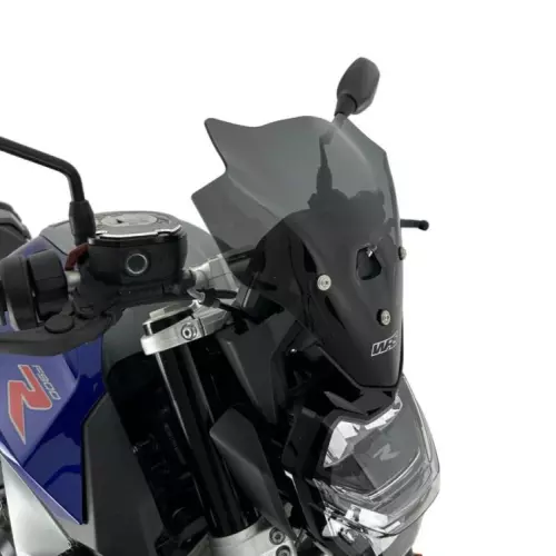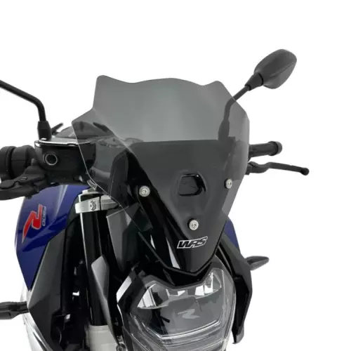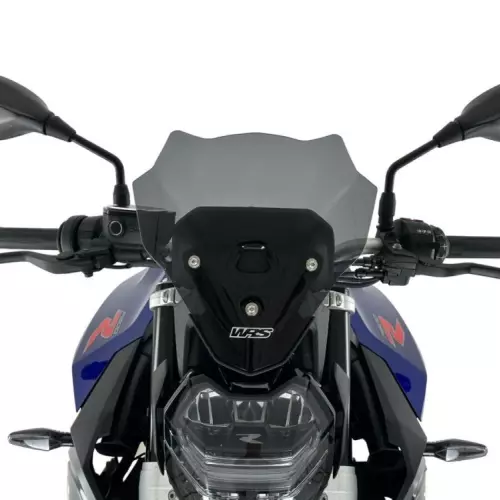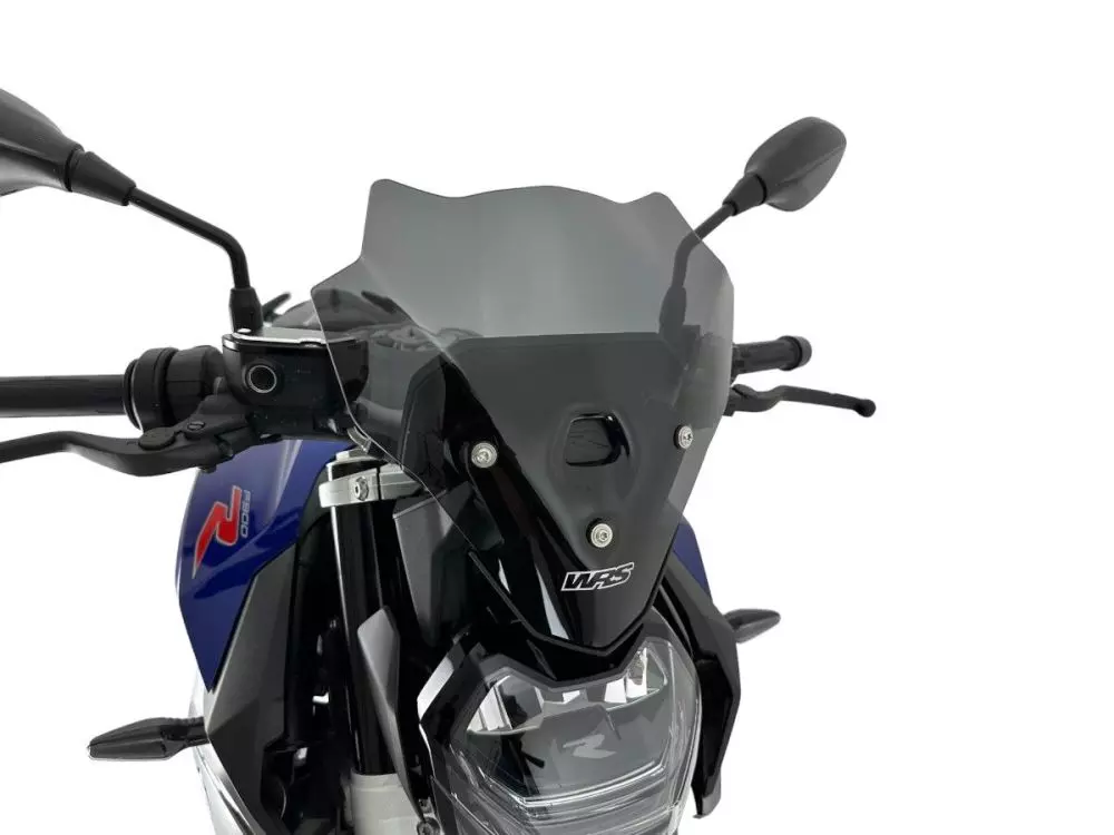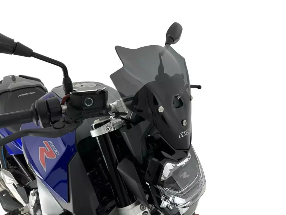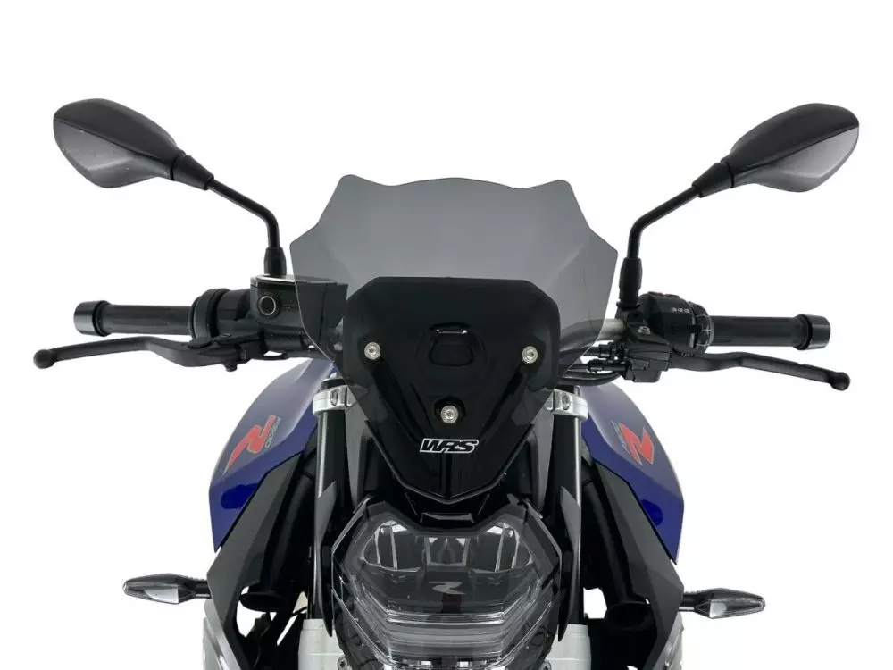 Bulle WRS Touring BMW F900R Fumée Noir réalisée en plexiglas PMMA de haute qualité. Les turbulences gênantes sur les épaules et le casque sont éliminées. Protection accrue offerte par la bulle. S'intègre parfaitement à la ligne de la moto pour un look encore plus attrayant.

* * *

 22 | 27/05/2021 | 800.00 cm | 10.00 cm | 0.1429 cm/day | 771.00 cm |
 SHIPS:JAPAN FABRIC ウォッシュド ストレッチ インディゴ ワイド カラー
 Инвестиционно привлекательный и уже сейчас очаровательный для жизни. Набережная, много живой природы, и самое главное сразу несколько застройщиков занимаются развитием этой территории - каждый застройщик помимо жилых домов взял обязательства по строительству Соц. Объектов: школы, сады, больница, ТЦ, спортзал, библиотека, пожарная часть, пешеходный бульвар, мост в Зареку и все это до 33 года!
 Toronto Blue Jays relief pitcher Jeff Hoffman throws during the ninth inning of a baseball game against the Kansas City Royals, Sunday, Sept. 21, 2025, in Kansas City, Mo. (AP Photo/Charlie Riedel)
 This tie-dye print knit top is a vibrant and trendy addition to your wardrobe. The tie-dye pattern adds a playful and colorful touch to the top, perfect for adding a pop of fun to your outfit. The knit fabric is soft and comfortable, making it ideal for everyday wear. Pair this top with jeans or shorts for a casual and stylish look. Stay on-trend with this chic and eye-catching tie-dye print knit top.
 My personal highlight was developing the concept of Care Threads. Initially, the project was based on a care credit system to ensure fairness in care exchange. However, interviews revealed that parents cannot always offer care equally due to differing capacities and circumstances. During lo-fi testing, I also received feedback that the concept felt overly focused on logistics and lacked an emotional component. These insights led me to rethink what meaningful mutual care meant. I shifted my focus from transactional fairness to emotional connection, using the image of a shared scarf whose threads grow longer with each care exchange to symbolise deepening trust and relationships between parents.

...

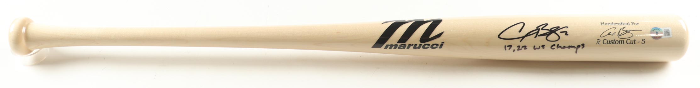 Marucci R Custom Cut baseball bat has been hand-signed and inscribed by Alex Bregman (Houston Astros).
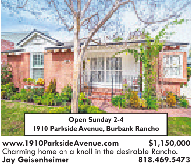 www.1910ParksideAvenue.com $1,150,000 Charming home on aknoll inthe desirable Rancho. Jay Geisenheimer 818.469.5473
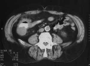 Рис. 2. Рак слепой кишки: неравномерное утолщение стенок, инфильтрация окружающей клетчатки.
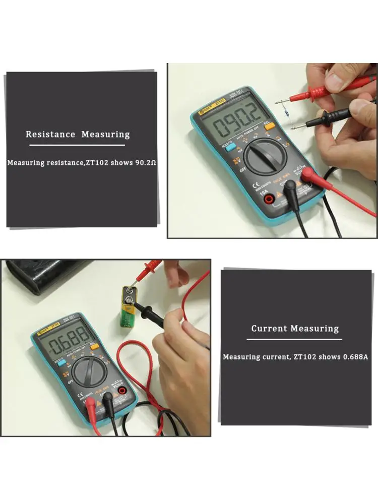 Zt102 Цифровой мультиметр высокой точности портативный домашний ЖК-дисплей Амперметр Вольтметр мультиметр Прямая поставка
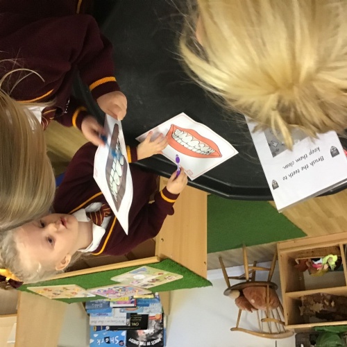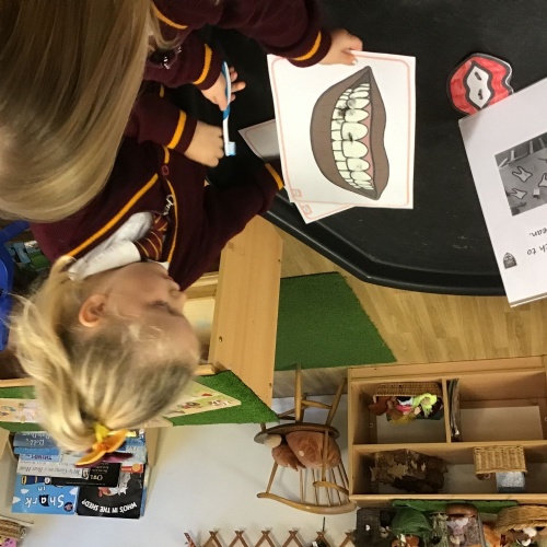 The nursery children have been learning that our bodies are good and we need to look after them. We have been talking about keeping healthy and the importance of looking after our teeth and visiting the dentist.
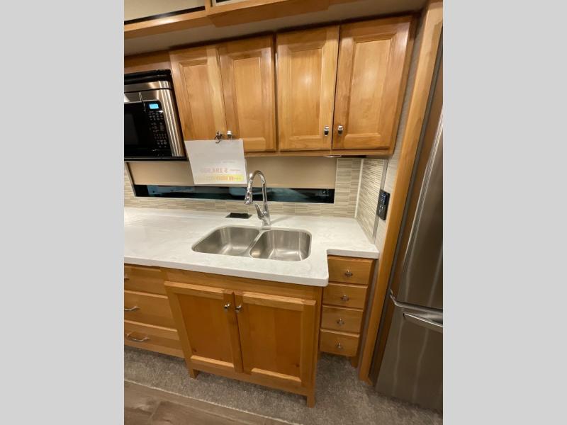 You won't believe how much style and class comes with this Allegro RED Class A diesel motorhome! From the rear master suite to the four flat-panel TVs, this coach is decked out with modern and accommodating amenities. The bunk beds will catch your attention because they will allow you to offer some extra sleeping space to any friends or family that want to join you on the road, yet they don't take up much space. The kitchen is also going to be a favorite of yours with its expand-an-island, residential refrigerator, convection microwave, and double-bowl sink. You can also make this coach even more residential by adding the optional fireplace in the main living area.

Task to carry out> Once the line with "Marucci R Custom" is found above, print it and every line after it through the line with "Zt102 Цифровой мультиметр", exactly. Pictures stay out.

Result for this task>
 Marucci R Custom Cut baseball bat has been hand-signed and inscribed by Alex Bregman (Houston Astros).
 www.1910ParksideAvenue.com $1,150,000 Charming home on aknoll inthe desirable Rancho. Jay Geisenheimer 818.469.5473
 Рис. 2. Рак слепой кишки: неравномерное утолщение стенок, инфильтрация окружающей клетчатки.
 Zt102 Цифровой мультиметр высокой точности портативный домашний ЖК-дисплей Амперметр Вольтметр мультиметр Прямая поставка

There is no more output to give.